• **Task**: Give a faithful, exact copy of all entries, minus the images.

• **Given records**:
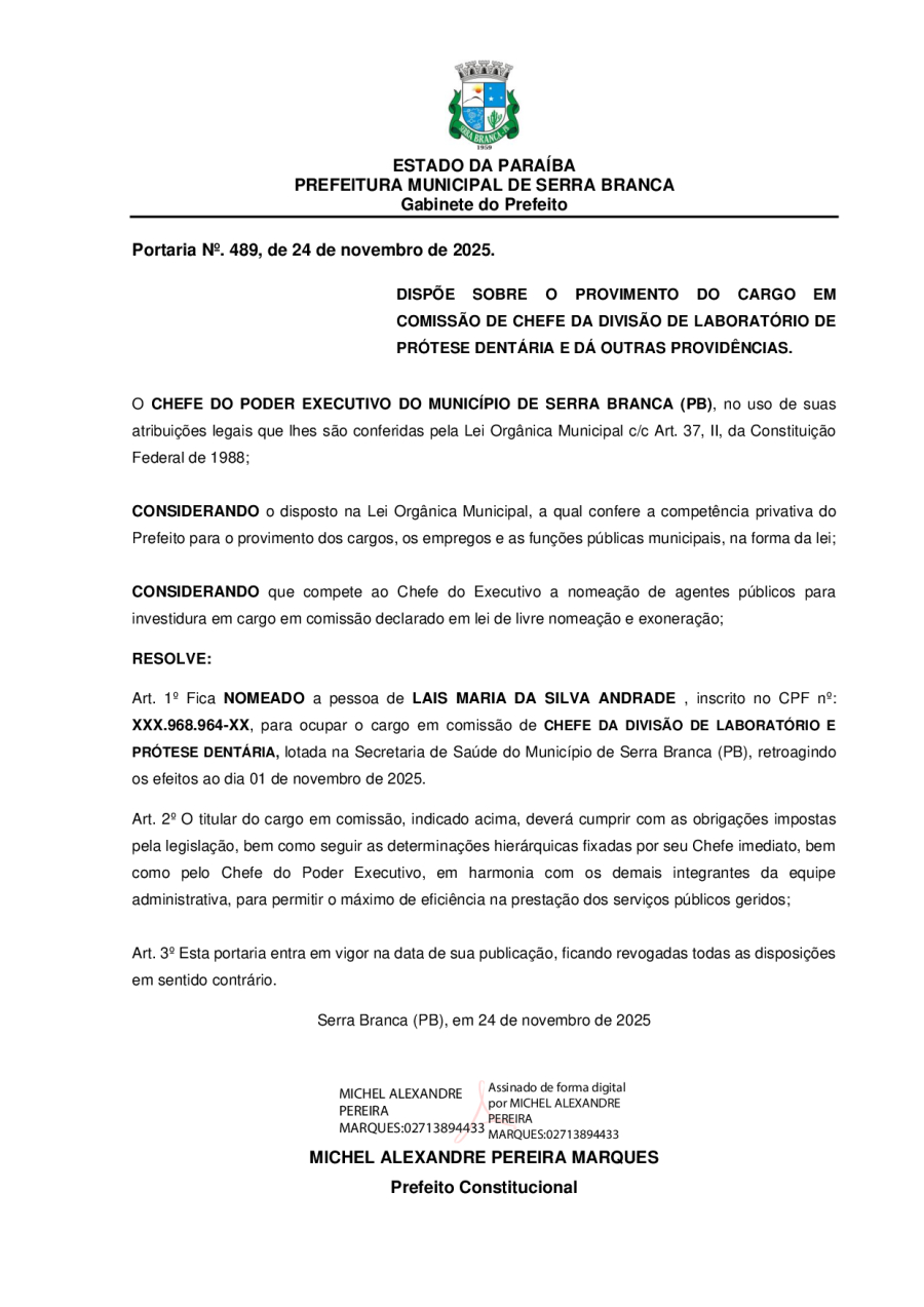 PORTARIA N° 0489/2025 - NOMEAÇÃO DE LAIS MARIA DA SILVA ANDRADE
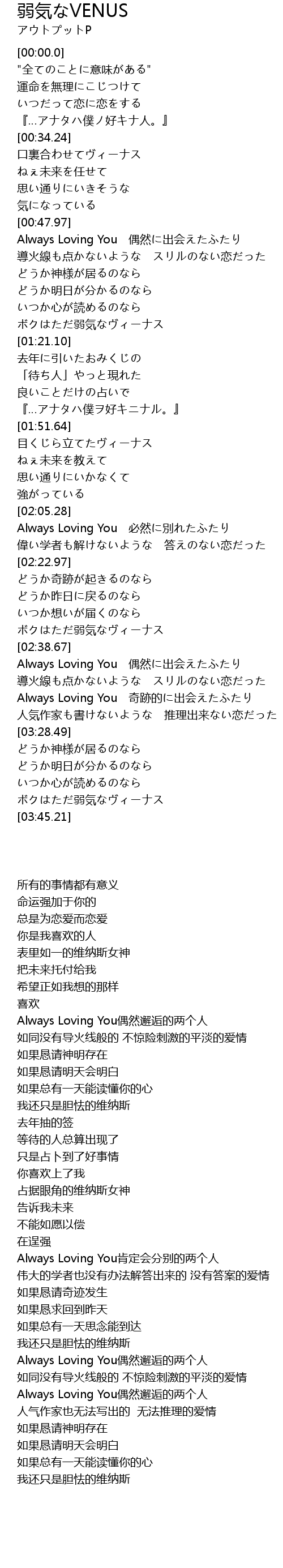 | [03:41.39] | ボクはただ弱気なヴィーナス |
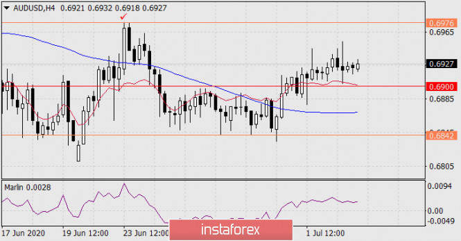 На четырёхчасовом графике цена закрепилась над индикаторными линиями баланса и Крузенштерна, Марлин в зоне роста, тенденция восходящая. Выход цены над верхний сигнальный уровень 0.6976 позволит цене продолжить рост к цели 0.7080 как развитие альтернативного сценария.
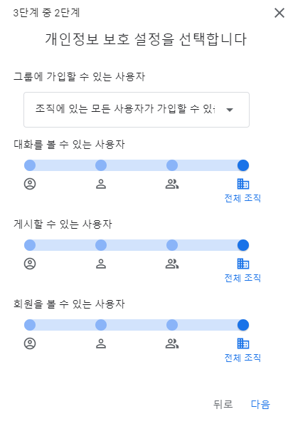 * 그룹에 가입할 수 있는 사용자: 초대된 사용자만 / 조직 내 모든 사용자가 요청 가능 / 조직에 있는 모든 사용자가 가입할 수 있음
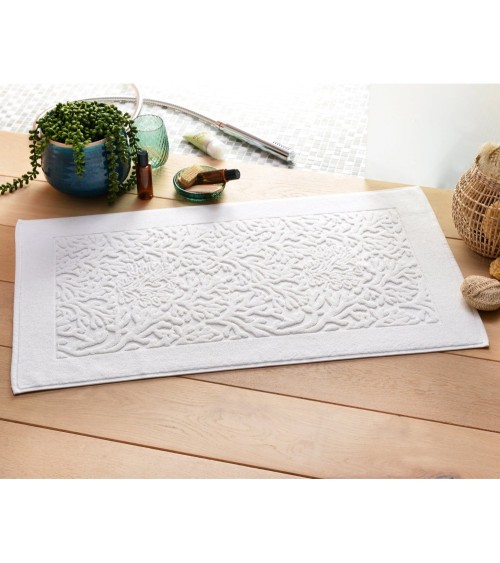 Mettez de la douceur dans la salle de bain avec ce tapis de bain blanc 60x100 en coton au motif original, tellement moelleux que c'est un plaisir d'y poser les pieds. Un tapis de bain créé par Becquet, bien épais (800 g/m2) et bien absorbant comme on l'aime. En pur coton tissé jacquard il est lavable à 40°.

• **Final answer**:
 PORTARIA N° 0489/2025 - NOMEAÇÃO DE LAIS MARIA DA SILVA ANDRADE
 | [03:41.39] | ボクはただ弱気なヴィーナス |
 На четырёхчасовом графике цена закрепилась над индикаторными линиями баланса и Крузенштерна, Марлин в зоне роста, тенденция восходящая. Выход цены над верхний сигнальный уровень 0.6976 позволит цене продолжить рост к цели 0.7080 как развитие альтернативного сценария.
 * 그룹에 가입할 수 있는 사용자: 초대된 사용자만 / 조직 내 모든 사용자가 요청 가능 / 조직에 있는 모든 사용자가 가입할 수 있음
 Mettez de la douceur dans la salle de bain avec ce tapis de bain blanc 60x100 en coton au motif original, tellement moelleux que c'est un plaisir d'y poser les pieds. Un tapis de bain créé par Becquet, bien épais (800 g/m2) et bien absorbant comme on l'aime. En pur coton tissé jacquard il est lavable à 40°.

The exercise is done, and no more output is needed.